We determined whether the duplicated lophotrochozoan RLRs with diverse N-terminal domains would be upregulated under viral challenges. We searched for virus or virus-related PAMP infection transcriptomes in the NCBI GEO database (up to June 2021), found two published databases from bivalves C. gigas and Scapharca broughtonii, and calculated their expression profiles (Figure 7b). A total of 11 of the 13 RLRs in C. gigas were significantly upregulated (Log2 (FC) > 1.5) during oyster herpes virus infection. Of these RLRs, CgiRLR6 encodes a lophotrochozoan-specific N-terminal IG domain. Similarly, S. broughtonii SbrRLR3 encoding only one CARD at the N-terminus was significantly upregulated (Log2 (FC) > 1.5) under virus challenge. These results suggest that lophotrochozoan RLRs with special domains may play an important role in antiviral immune recognition.

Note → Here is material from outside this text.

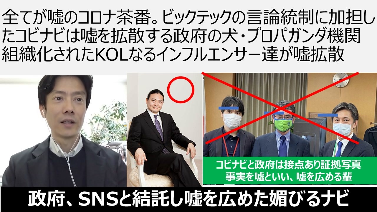日本国独立宣言論 私は独立を宣言する 真田信秋(紙と電子書籍)<br><a href="https://www.amazon.co.jp/dp/B0CT86DX9G/" target="_blank" rel="noopener nofollow">https://www.amazon.co.jp/dp/B0CT86DX9G/</a><br><br>コロンビアの購入契約書 infact<br><a href="https://infact.press/2021/11/post-14514/" target="_blank" rel="noopener nofollow">https://infact.press/2021/11/post-14514/</a><br><br>高橋清隆さんの文書館<br><a href="http://blog.livedoor.jp/donnjinngannbohnn/" target="_blank" rel="noopener nofollow">http://blog.livedoor.jp/donnjinngannbohnn/</a><br><br>新型コロナワクチンに関する内部資料に記され<br>た「KOL」というインフルエンサーの存在【ワクチンのファクト⑫】<br><a href="https://infact.press/2022/02/post-19332/?fbclid=IwAR1nwu7GQcgT5OqDaGu2fqj4Z0JlRNZ_94EhhHNGKYfm9zb9bRoe2bHv-HQ" target="_blank" rel="noopener nofollow">https://infact.press/2022/02/post-19332/?fbclid=IwAR1nwu7GQcgT5OqDaGu2fqj4Z0JlRNZ_94EhhHNGKYfm9zb9bRoe2bHv-HQ</a><br><br>Key Opinion Leader(キーオピニオンリーダー)の説明<br><a href="https://answers.ten-navi.com/dictionary/cat04/112/" target="_blank" rel="noopener nofollow">https://answers.ten-navi.com/dictionary/cat04/112/</a><br><br>厚労省やYoutubeとも連携する、「こびナビ」とは何か? 【ワクチンのファクト⑯】<br><a href="https://infact.press/2022/11/post-21065/" target="_blank" rel="noopener nofollow">https://infact.press/2022/11/post-21065/</a><br><br>政府・厚労省との「こびナビ」の「第三者性」に問題はないのか?「こびナビ」の回答は【ワクチンのファクト⑰】<br><a href="https://infact.press/2022/12/post-21126/" target="_blank" rel="noopener nofollow">https://infact.press/2022/12/post-21126/</a><br><br>readyforというクラウドファンディングサイトで、コビナビは30,325,000円の寄付を1999人から獲得<br><a href="https://readyfor.jp/projects/cov-navi/accomplish_report" target="_blank" rel="noopener nofollow">https://readyfor.jp/projects/cov-navi/accomplish_report</a><br><br>厚労省やYoutubeとも連携する、「こびナビ」とは何か? 【ワクチンのファクト⑯】という記事では、infactさんがコビナビとの質疑応答を公開しており、ますます怪しさが伝わってきました。<br><a href="https://infact.press/2022/11/post-21065/?fbclid=IwAR2130UEQrSSNpzeGBCTStxZhmAm3xAMUVc8wUGzWTGqIVPO-JtazZQPtSo" target="_blank" rel="noopener nofollow">https://infact.press/2022/11/post-21065/?fbclid=IwAR2130UEQrSSNpzeGBCTStxZhmAm3xAMUVc8wUGzWTGqIVPO-JtazZQPtSo</a><br><br>コビナビのサイト<br><a href="https://covnavi.jp/about/#member" target="_blank" rel="noopener nofollow">https://covnavi.jp/about/#member</a><br>

2.6. Evidence of Positive Selection in Lophotrochozoan RLRs with Diverse N-Terminal Domains

As innate immune receptors are responsible for severe diseases, RLRs must rapidly evolve and are thus subjected to positive selection pressures [44]. We determined whether the molecular evolution of the duplicated lophotrochozoan RLRs with diverse N-terminal domains was driven by natural selection. Accordingly, a positive analysis was performed on lophotrochozoan RLRs with diverse N-terminal domains and gene expression levels enriched in the immune-related tissues mentioned above. We used the RIG-I_C-RD domain of RLRs for selection analysis, as this part is the virus recognition domain.

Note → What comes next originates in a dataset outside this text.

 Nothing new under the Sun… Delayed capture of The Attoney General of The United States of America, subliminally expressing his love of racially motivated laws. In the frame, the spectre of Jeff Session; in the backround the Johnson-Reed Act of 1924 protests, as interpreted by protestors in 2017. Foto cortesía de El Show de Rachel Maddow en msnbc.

We performed positive selection analysis on five RLRs of M. yessoensis, all of which were in Cluster I of the phylogenetic tree (Figure 3). Positive selection signals (ω = 521.37) could be identified in branches, including MyeRLR2 and MyeRLR3 (Figure 8a). Both genes encoded the N-terminal death domain. We further reconstructed the 3D structures of the five MyeRLRs (Figure 8c). Based on the results, the surface of the RNA-binding region of MyeRLR2 and MyeRLR3 is positively charged, which is consistent with human RIG-I [41]. Although MyeRLR1 is positively charged, its N-terminus has no domain, which may prevent its function. However, the surface of the RNA-binding region of MyeRLR4 and MyeRLR5 has a less positive charge.

Figure 8.

Figure 8

Positive selection analysis of representative RLR genes. (a) Evolutionary relationships of MyeRLRs. The branches with dN/dS (ω) values > 1.0 are marked with red lines. (b) The expression level of five MyeRLRs in hemocytes. One-way ANOVA showed that the expression levels of MyeRLR2 and MyeRLR3 were significantly (p-value < 0.01, marked with **) more upregulated than those of other MyeRLRs. (c) Electrostatics of the RNA-binding surfaces of the MyeRLR RIG-I_C-RDs. The determination of RNA-binding sites refers to previous studies [49]. Positively charged surfaces are colored blue, and negatively charged surfaces are red. Dotted yellow line indicates RNA-binding loop.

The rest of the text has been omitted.